## [YOUR GOAL]
For this exercise, retype all the data exactly and exclude every image.

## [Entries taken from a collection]
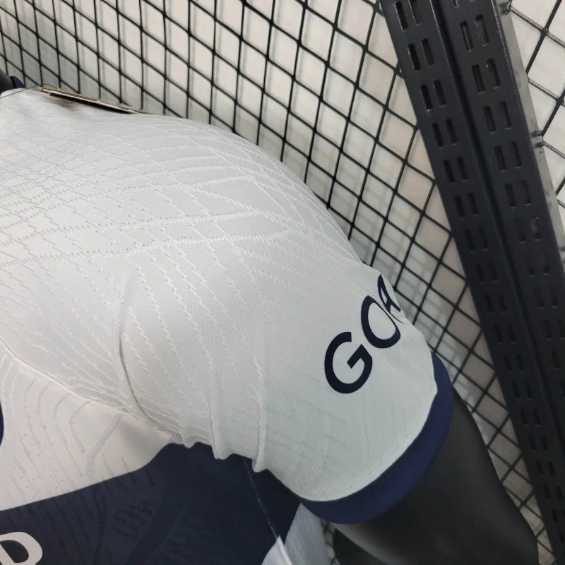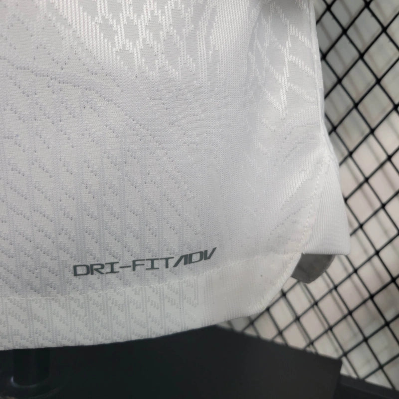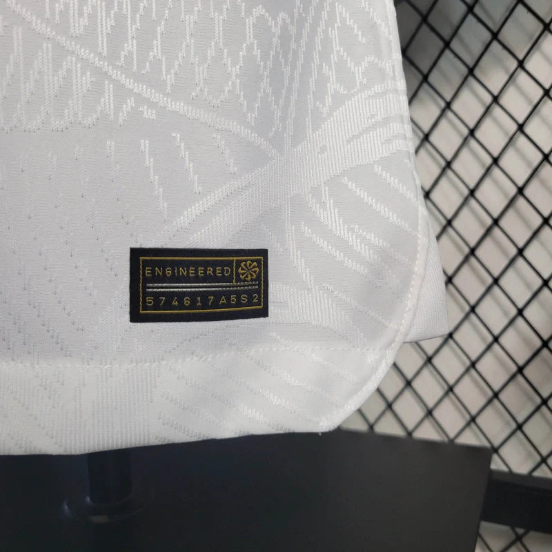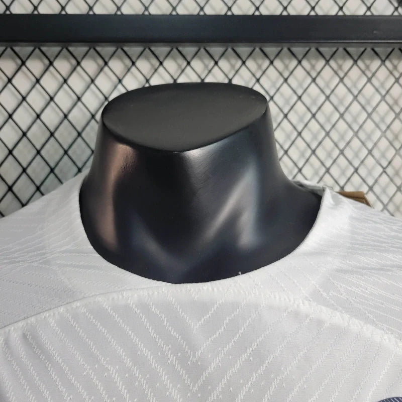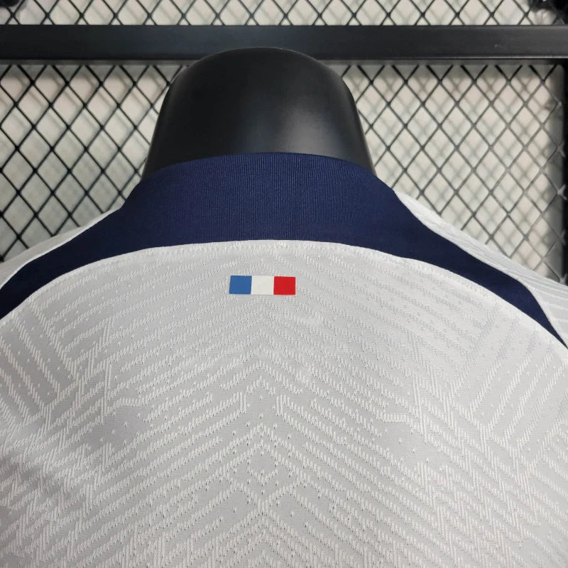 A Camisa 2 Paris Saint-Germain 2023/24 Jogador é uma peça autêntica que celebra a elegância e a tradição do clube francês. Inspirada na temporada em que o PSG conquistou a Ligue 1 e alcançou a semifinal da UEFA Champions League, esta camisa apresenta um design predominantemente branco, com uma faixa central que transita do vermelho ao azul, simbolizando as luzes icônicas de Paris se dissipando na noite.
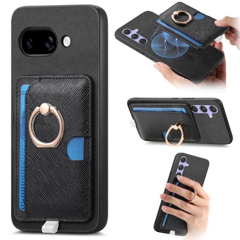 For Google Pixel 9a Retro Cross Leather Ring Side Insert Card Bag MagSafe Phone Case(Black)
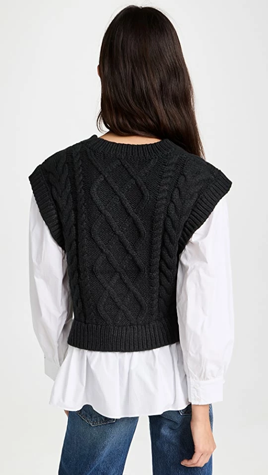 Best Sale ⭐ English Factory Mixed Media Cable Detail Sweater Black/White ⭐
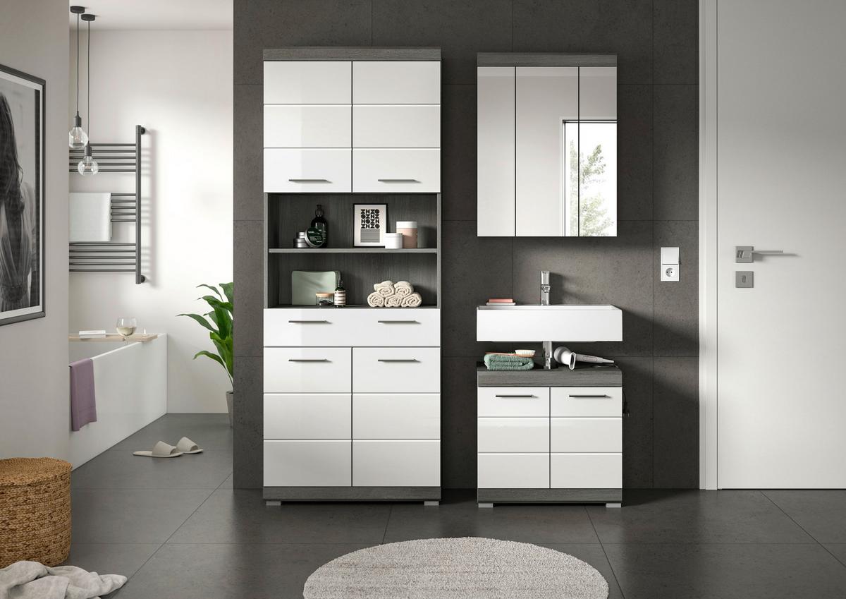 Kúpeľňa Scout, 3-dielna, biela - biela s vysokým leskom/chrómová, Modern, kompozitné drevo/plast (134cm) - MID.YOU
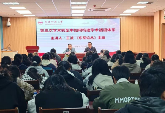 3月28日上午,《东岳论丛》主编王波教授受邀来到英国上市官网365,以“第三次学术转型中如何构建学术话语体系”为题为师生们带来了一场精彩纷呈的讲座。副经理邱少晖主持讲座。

## [EXERCISE OUTPUT]
 A Camisa 2 Paris Saint-Germain 2023/24 Jogador é uma peça autêntica que celebra a elegância e a tradição do clube francês. Inspirada na temporada em que o PSG conquistou a Ligue 1 e alcançou a semifinal da UEFA Champions League, esta camisa apresenta um design predominantemente branco, com uma faixa central que transita do vermelho ao azul, simbolizando as luzes icônicas de Paris se dissipando na noite.
 For Google Pixel 9a Retro Cross Leather Ring Side Insert Card Bag MagSafe Phone Case(Black)
 Best Sale ⭐ English Factory Mixed Media Cable Detail Sweater Black/White ⭐
 Kúpeľňa Scout, 3-dielna, biela - biela s vysokým leskom/chrómová, Modern, kompozitné drevo/plast (134cm) - MID.YOU
 3月28日上午,《东岳论丛》主编王波教授受邀来到英国上市官网365,以“第三次学术转型中如何构建学术话语体系”为题为师生们带来了一场精彩纷呈的讲座。副经理邱少晖主持讲座。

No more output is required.